Drawing with Shapes in Photoshop Elements 4
By: Barbara Brundage
Page 3 of 3
February 26th 2009
At first glance, you may think the Cookie Cutter is a pretty silly tool. Actually, it’s a very handy tool that you may use all the time, once you understand it. The Cookie Cutter creates the same shapes as the Custom Shape tool, but you use it on a photo to crop it to the shape you chose. Want a heart-shaped portrait of your sweetie? The Cookie Cutter is your tool.
If you’re not into that sort of thing, don’t go away, because hidden away in the shapes library are some of the most sophisticated artistic crop shapes you can find. You can use them to get the kinds of effects that people pay commercial artists big bucks to create—like creating abstract crops that give a jagged or worn edge to your photo (an effect that’s great for contemporary effects).
You can also combine the result with a stroked edge as explained
in the box “
Drawing Outlines and Borders,” and maybe even a Layer style
(page 325). Even
without any additional frills, your photo’s shape will appear
more interesting, as
shown in Figure 11-25.
A quick drag with the Cookie Cutter is all it took to create the bottom graphic from the top photo. If you want to create custom album or scrapbook pages, you can rotate or skew your crops before you commit them. See page 266 for how to rotate and skew your images.

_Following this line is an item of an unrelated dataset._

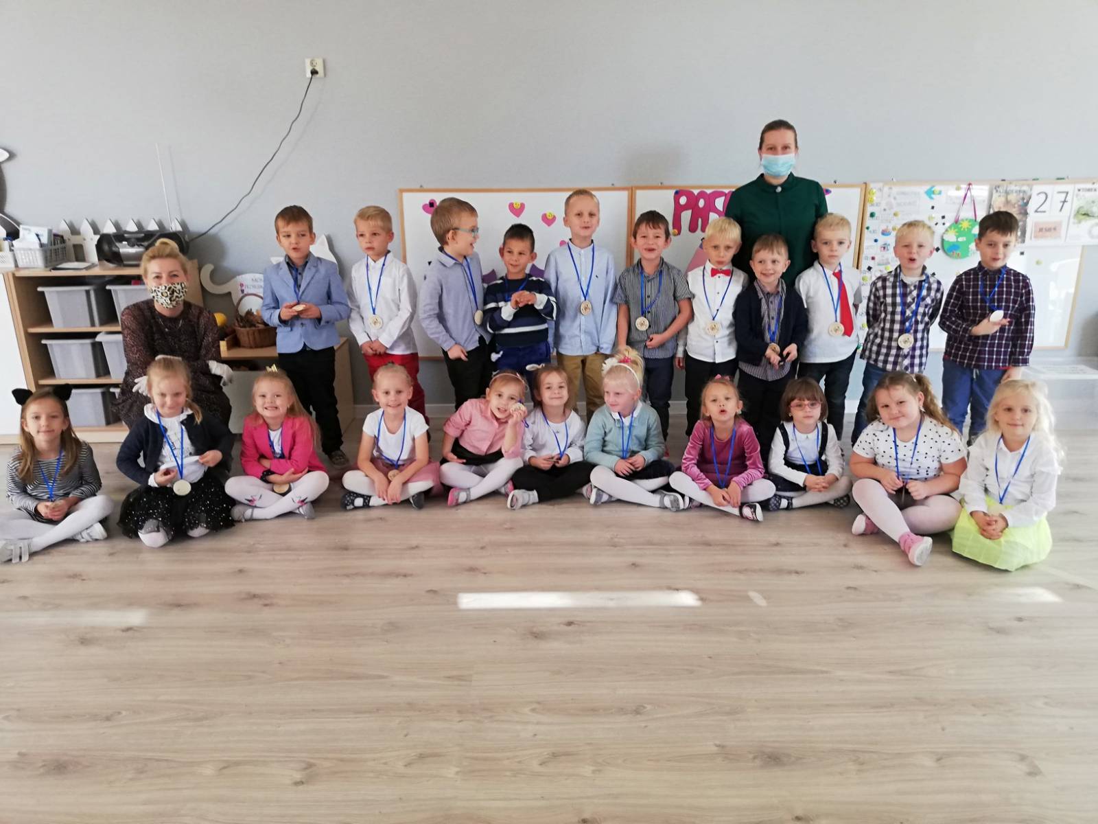 Opublikowano: 28-10-202028.10.2020r w grupie,, Małych Odkrywców ‘’odbyła się uroczystość pasowania. Dzieci zaprezentowały krótki program artystyczny w czasie którego zaprezentowały swoje umiejętności wokalne i taneczne. Po części oficjalnej Pani Dyrektor pasowała dzieci magiczną kredką i wręczała pamiątkowe medale.

You use the Cookie Cutter just the way you use the Custom Shape tool, but you use it on a photo.
- Activate the Cookie Cutter tool.
Click the Cookie Cutter in the Toolbox (the icon looks like a heart), or press Q.
- Select the shape you want your photo to be.

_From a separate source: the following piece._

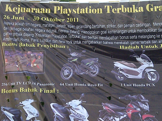 Baru saja beberapa hari yang lalu saya posting tentang E-Sport, ternyata saya menjumpai balihoo besar tentang turnamen play station.
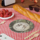 Baby gender reveal party plates featuring an illustration of two baby deer. Doe is wearing a flower crown. Text says "Buck or Doe? Soon We'll Know!" Background is camo pattern.

Choose a shape from the Shapes palette by clicking the downward arrow next to the shape display in the Options bar. You have access to all the Custom Shapes, but pay special attention to the Crop Shapes category. Click the More button on the Shape Picker to see all the shape categories it contains, or choose All Elements Shapes.
- Adjust your settings, if necessary.
You have the same Shape Options described earlier for the Custom Shapes (page 304), so you can set a fixed size or constrain proportions if you want. Click the Shape Options button to see your choices.

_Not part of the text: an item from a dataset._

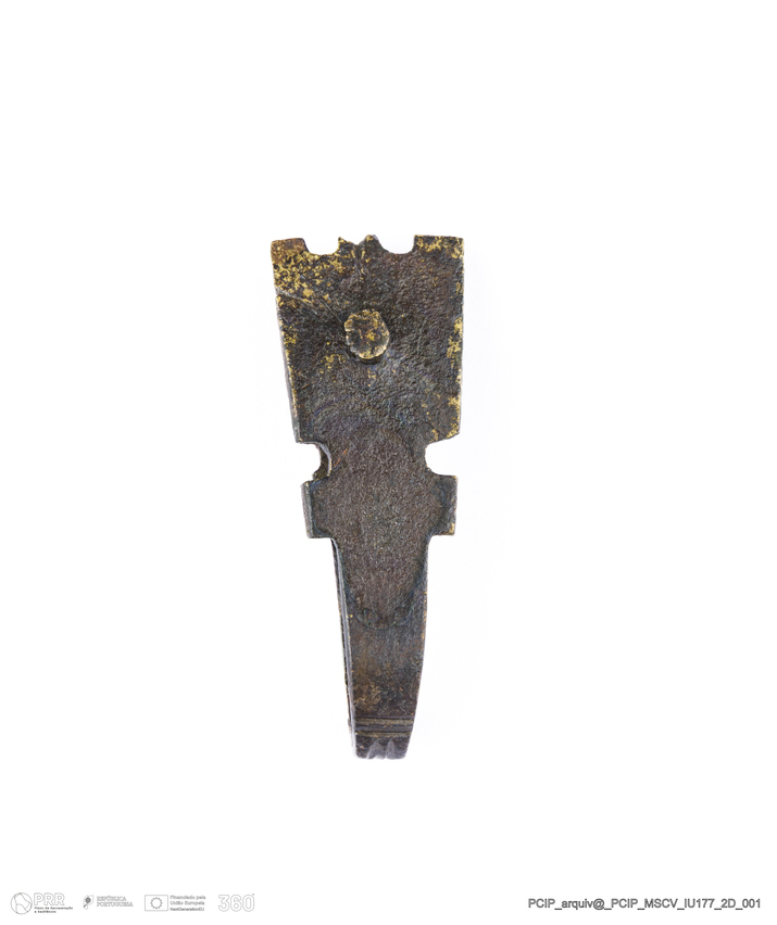 Matéria/Técnica: Metal; Cronologia: Século XVII; Autoria: Desconhecida; Dimensões: Comprimento: 27mm; Largura: 10mm; Espessura: 4mm.

You can choose to feather the edge of your shape, too. Just enter the amount in pixels. (See page 110 for more about feathering.) The other option, Crop, crops the edges of your photo so they’re just large enough to contain the shape.
- Drag in your photo.
A mask appears over your photo and you see only the area that will still be there once you crop, surrounded by transparency.
- Adjust your crop if necessary.
You can reposition the shape mask or drag the corners to resize it. Although the cropped areas disappear, they’ll reappear as you reposition the mask if you move it so that they’re included again.
Once you’ve created the shape, you’ll see the Transform options (page 268) in the Options bar (which means that you can skew or distort it if you want) until you commit your shape, as explained in the next step. You can drag the mask around to reposition it if you’d like, or Shift+drag a corner to resize it without altering the proportions. It may take a little maneuvering to get exactly the parts of your photo that you want inside the crop.
- When you’ve gotten everything lined up the way
you want, click the Commit
button in the Options bar or just press Enter.